Но сад и не собирался укладываться спать. От низких солнечных стрел он, наоборот, весь засветился. Это загорелись разбросанные повсюду яблоки. Зажглись «лампочки» и на яблоневых ветках. Их золото с алыми прожилками отражало закатные лучи, с благодарностью принимая этот долгий прощальный поцелуй уходящего лета.

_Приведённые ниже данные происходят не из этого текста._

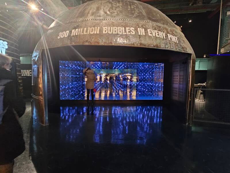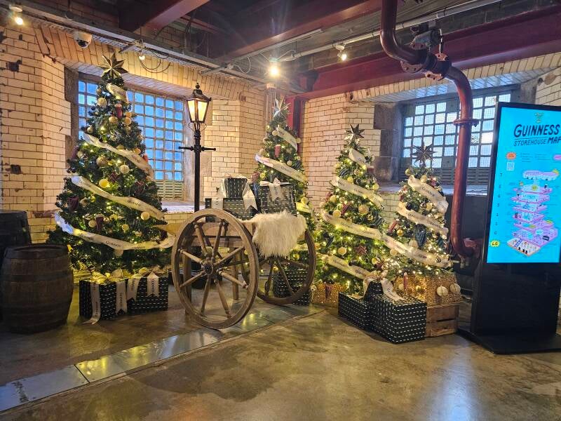 Omdat het al eind november is, en ze er hier in Dublin graag op tijd bij zijn, is het hele storehouse al in kerstsfeer gebracht. Dat geeft het impressionante gebouw extra uitstraling. In totaal hebben ze hier 7 verdiepingen, die we allemaal gaan proberen te bezoeken. Op de eerste verdieping vinden we de grote inkomhal en ook de winkel waar je alle mogelijk Guinness-merchandising kan kopen. Vanaf hier begint ook de trip door de interactieve tentoonstelling over het ontstaan van het Guinness-bier. We hebben al verschillende brouwerijen bezocht, maar deze tentoonstelling steekt toch met kop en nek uit boven al wat we tot nu toe al bezocht hebben. Er werd hier duidelijk niet op een euro meer of minder gekeken.
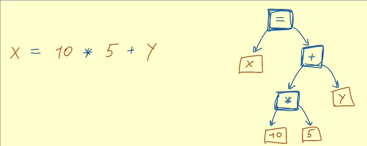 It establishes hierarchy in how the code should be interpreted. Start at the root node, and then evaluate each child before the next computation.
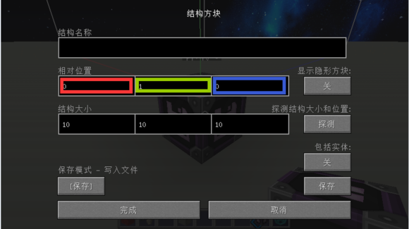 2.結構方塊的邊框和F3之後的指針一樣紅色是東西方向、藍色是南北方向、綠色是上下方向

В бликах заходящего солнца яблоки сделались оранжевыми. Мне почудилось на миг, что это не яблоки, а апельсины, которые бросил в воду идущий на расстрел испанский поэт Гарсиа Лорка. О чем думал он в этот момент? И что чувствовали в этот момент его земляки-апельсины? Они ведь были последними, кому он сказал: «Люблю». Я вспомнил понравившиеся мне еще в детстве строки Николая Асеева:
Шел он гордо, срывая в пути апельсины
И бросая с размаху в пруды и трясины.
Те плоды под луною в воде золотели
И на дно не спускались, и тонуть не хотели.
Будто с неба срывал и кидал он планеты.
Так всегда перед смертью поступают поэты.
У меня перед глазами тоже расстилалась целая вселенная из маленьких планет и их спутников, комет и астероидов. От их бесконечности голова пошла кругом. Подобно астронавту, я медленно летел через межзвездное пространство, мимо бесчисленных космических тел, и всеми своими датчиками ощущал себя абсолютно невесомым и неприкаянным.
Вечерело, стало смеркаться. Вслед за солнцем начал гаснуть и свет от тускнеющих яблочных фонариков. В окружавшей меня осени воцарилась звенящая тишина. Прерывалась она лишь изредка – гулким стуком падающих яблок. Если на землю – один звук, на густую плодовую подстилку – другой, на жестяную крышу дома – некоторые яблони вымахали даже выше нее! – третий. Получалась вроде как перекличка. Обменяются яблоки двумя-тремя короткими репликами – и снова тишина.
Шезлонг открывал великолепный обзор. Я словно восседал на троне в окружении своих верных слуг – плодовых деревьев – и несметных сокровищ – яблочных слитков и драгоценностей. Постепенно мне стали мерещиться новые картины. Одна фантазия сменяла другую, переходя в настоящие галлюцинации. Яблоки представлялись мне то россыпями цыплячьих теннисных мячиков на тартановой зелени теннисного корта, то пирамидами поблескивающих елочных шаров за пару дней до Нового года – где-нибудь за стеклом нарядно украшенной витрины магазина «Детский мир». То мне вдруг стало казаться, что я в лодке посреди озера. Гладь его спокойна, на озере полный штиль. А по берегам – красивейшие пейзажи: горы и острова, долины и отмели.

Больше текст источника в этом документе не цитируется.